[WORK INSTRUCTIONS]
Starting at the line that contains "李大使致辞回顾了中瓦建交初心", please transcribe every line through the end of the entries, exactly and with no pictures.

[DATA]
· · · · · · ·

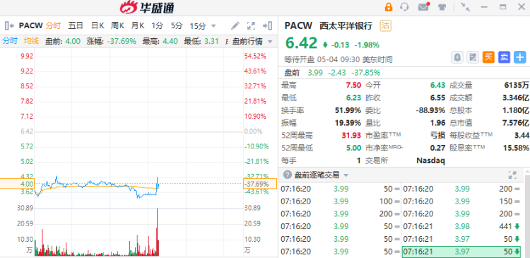 周四美股盘前,西太平洋合众银行 $PACW 成为投资者关注美国地区银行健康状况的最新焦点,其股票在周四美股盘前交易中下跌近一半,早些时候,美联储主席鲍威尔表示,当局接近遏制今年导致四家银行倒闭的动荡。
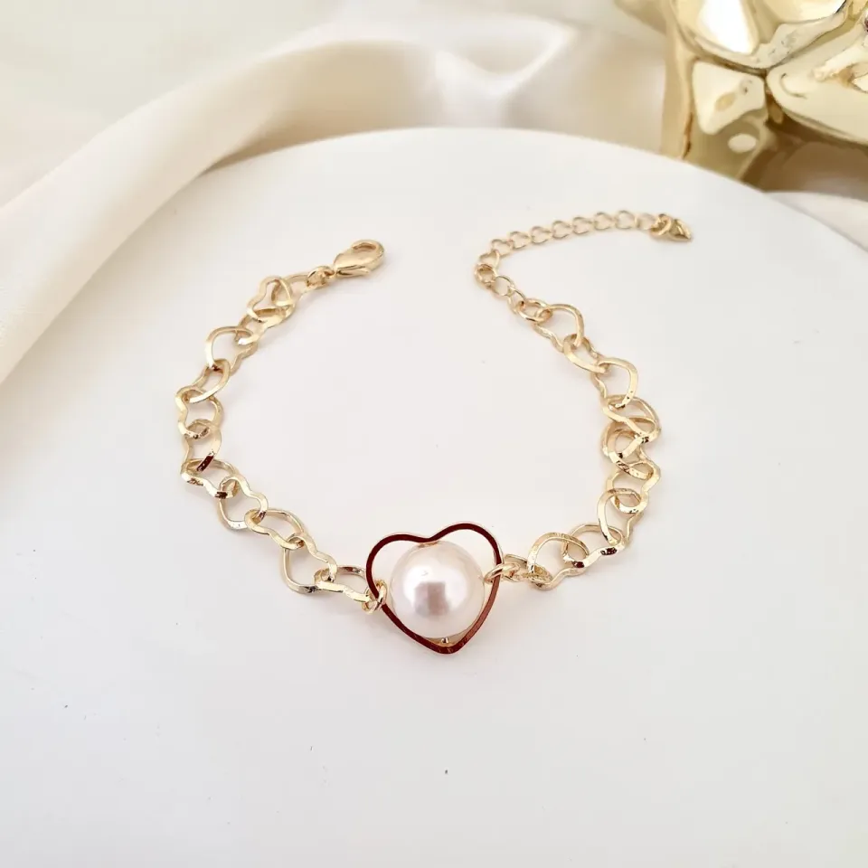 Pulseira coração com pérola
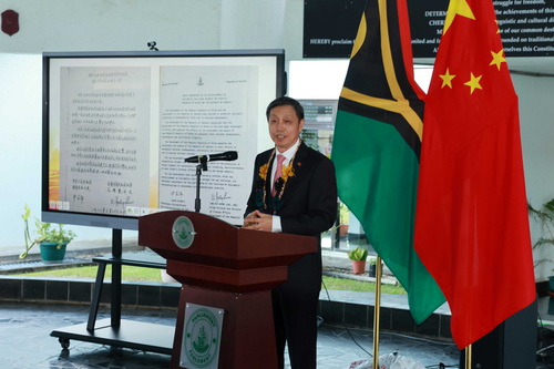 李大使致辞回顾了中瓦建交初心,强调44年来中瓦关系始终走在中国同太平洋岛国关系前列,瓦议会大厦彰显中瓦情谊;中方赞赏瓦方恪守一中原则;愿以“十五五”规划发展成果带动瓦国家建设,与瓦方携手构建更加紧密的新时代中瓦命运共同体。
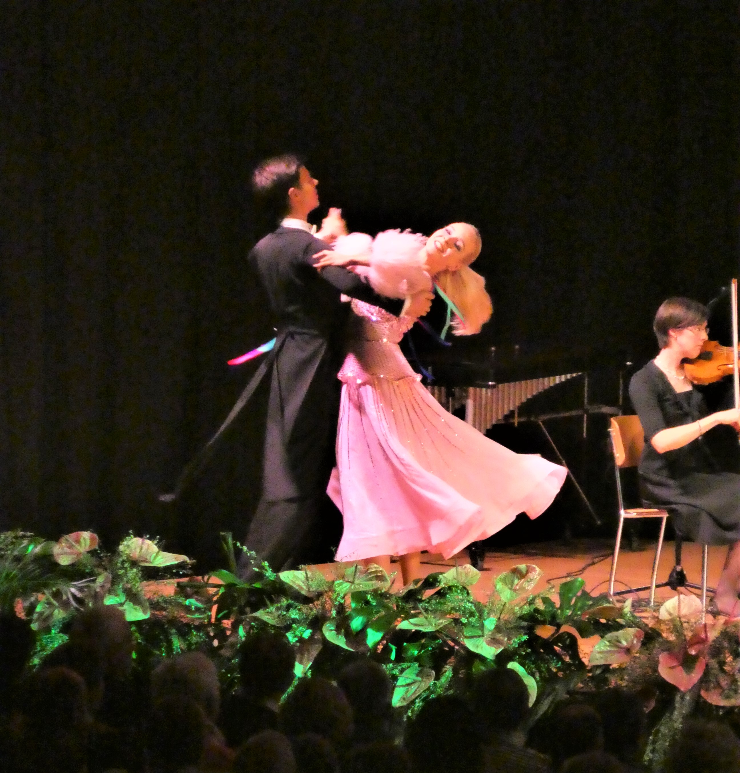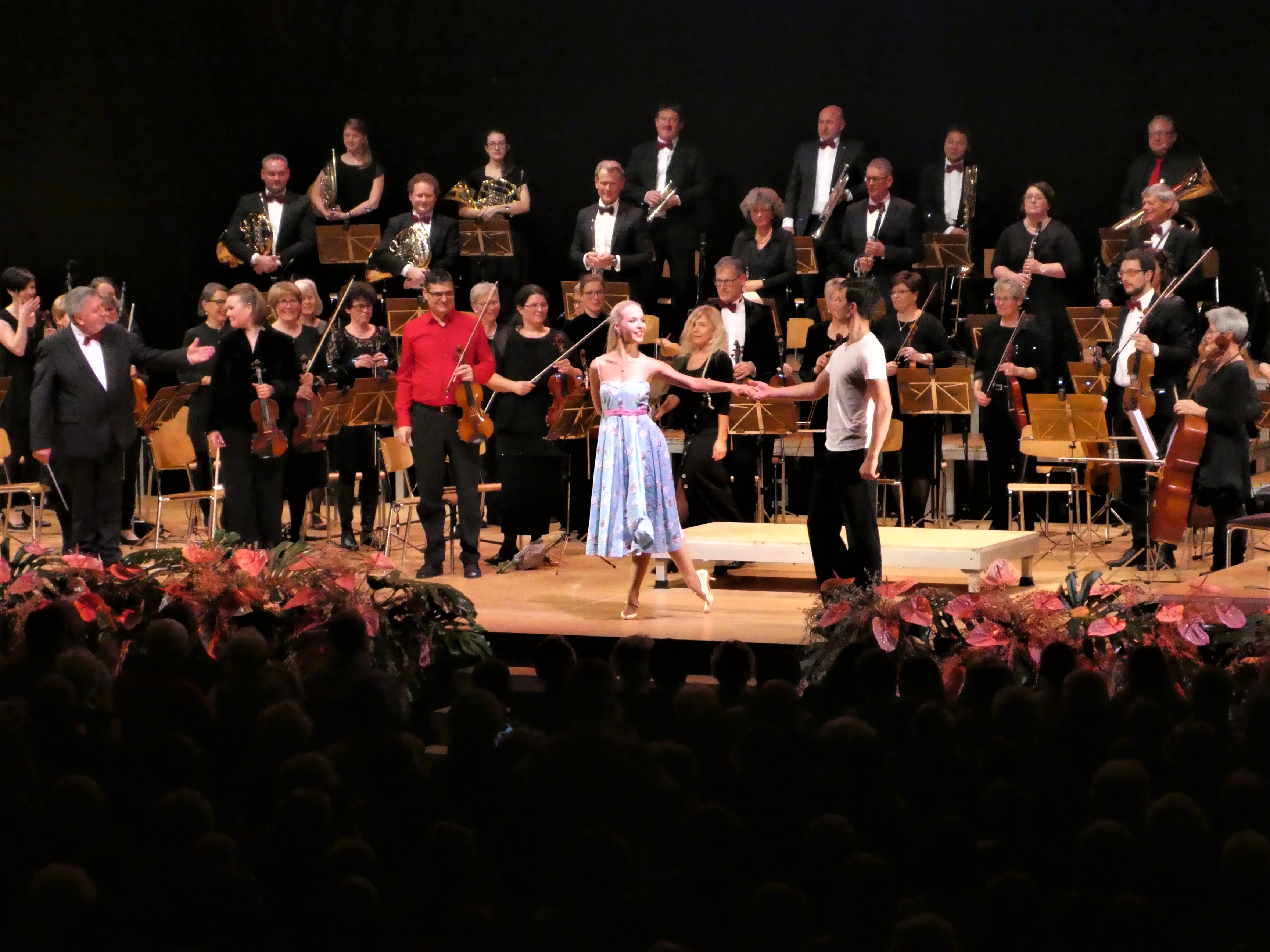 Akustisch und optisch ging es weiter mit dem «Donauwellen Walzer». Eine glanzvolle Note erhielt das Stück durch den Auftritt von Yulia Dreier, der mehrfachen und aktuellen Schweizermeisterin im Standardtanz, mit ihrem Partner Vova Kasilov.
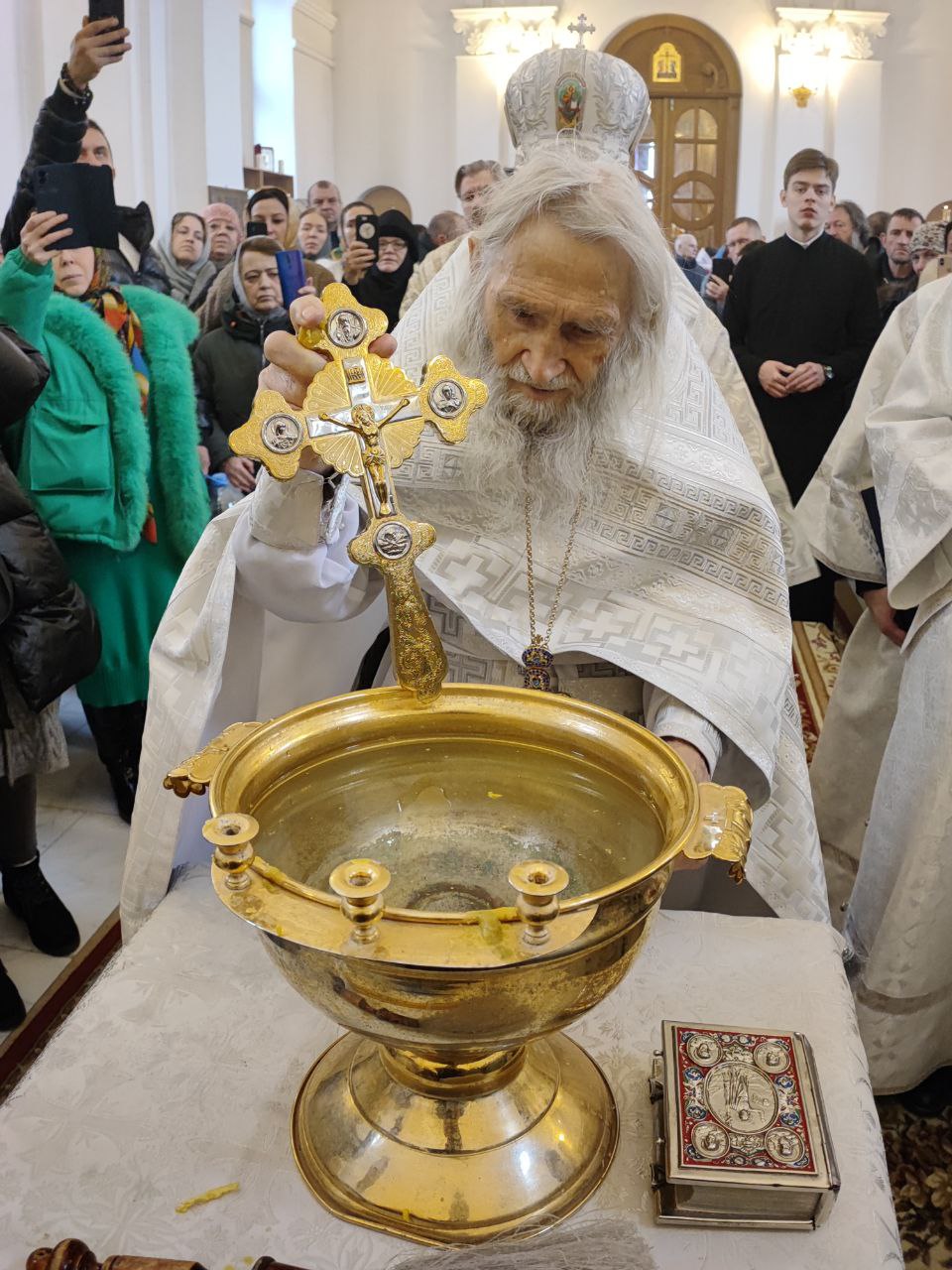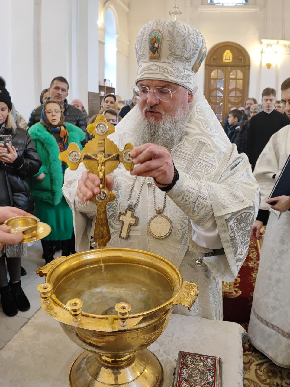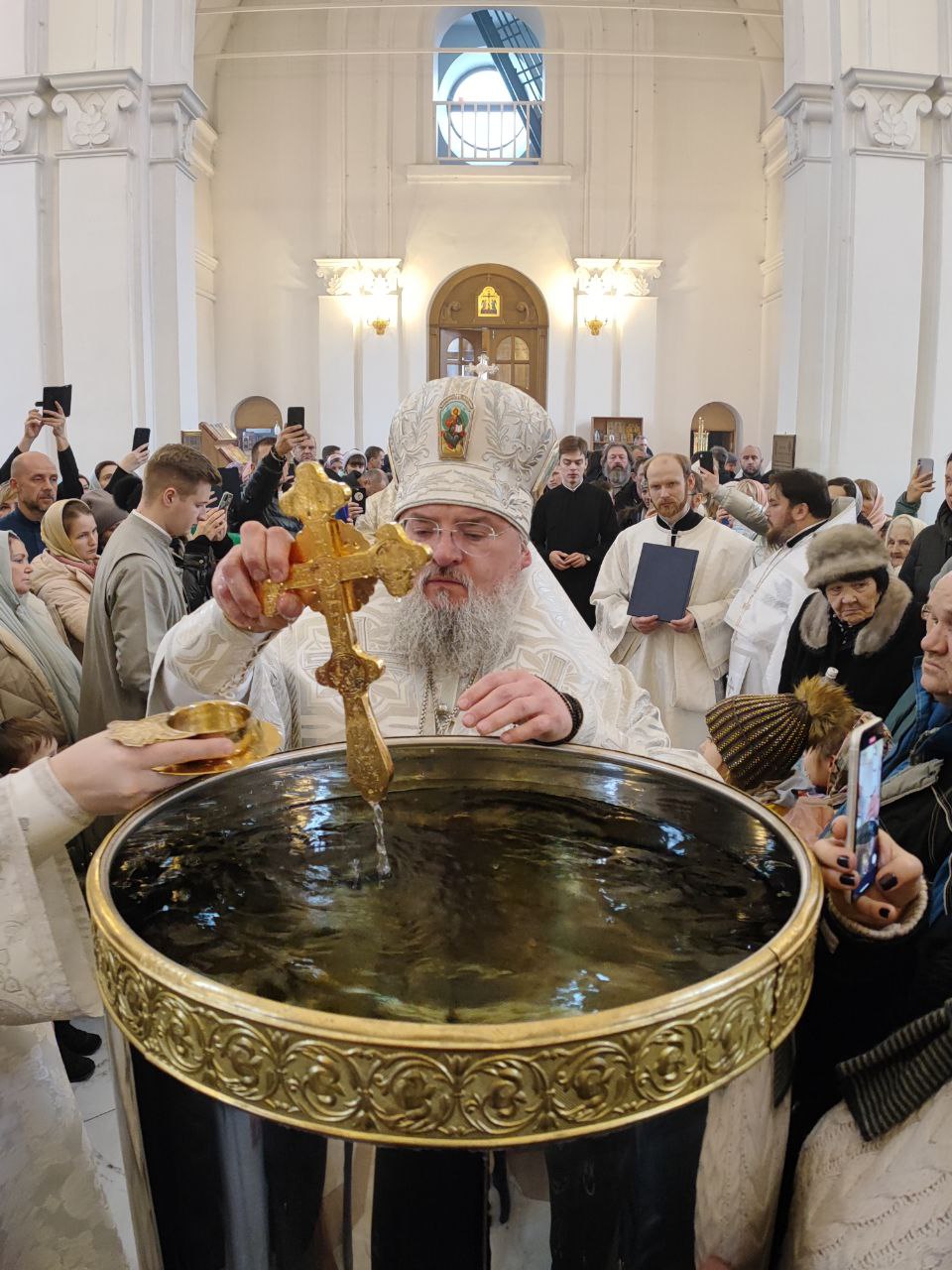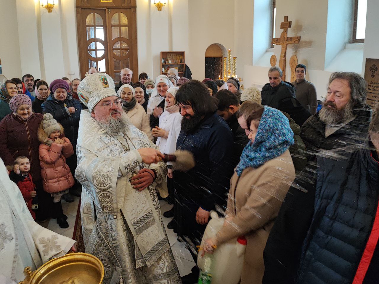 После заамвонной молитвы священнослужители совершили чинопоследование великого освящения воды, а затем владыка обратился к богомольцам с проповедью.

· · · · · · ·

[OUTPUT]
 李大使致辞回顾了中瓦建交初心,强调44年来中瓦关系始终走在中国同太平洋岛国关系前列,瓦议会大厦彰显中瓦情谊;中方赞赏瓦方恪守一中原则;愿以“十五五”规划发展成果带动瓦国家建设,与瓦方携手构建更加紧密的新时代中瓦命运共同体。
 Akustisch und optisch ging es weiter mit dem «Donauwellen Walzer». Eine glanzvolle Note erhielt das Stück durch den Auftritt von Yulia Dreier, der mehrfachen und aktuellen Schweizermeisterin im Standardtanz, mit ihrem Partner Vova Kasilov.
 После заамвонной молитвы священнослужители совершили чинопоследование великого освящения воды, а затем владыка обратился к богомольцам с проповедью.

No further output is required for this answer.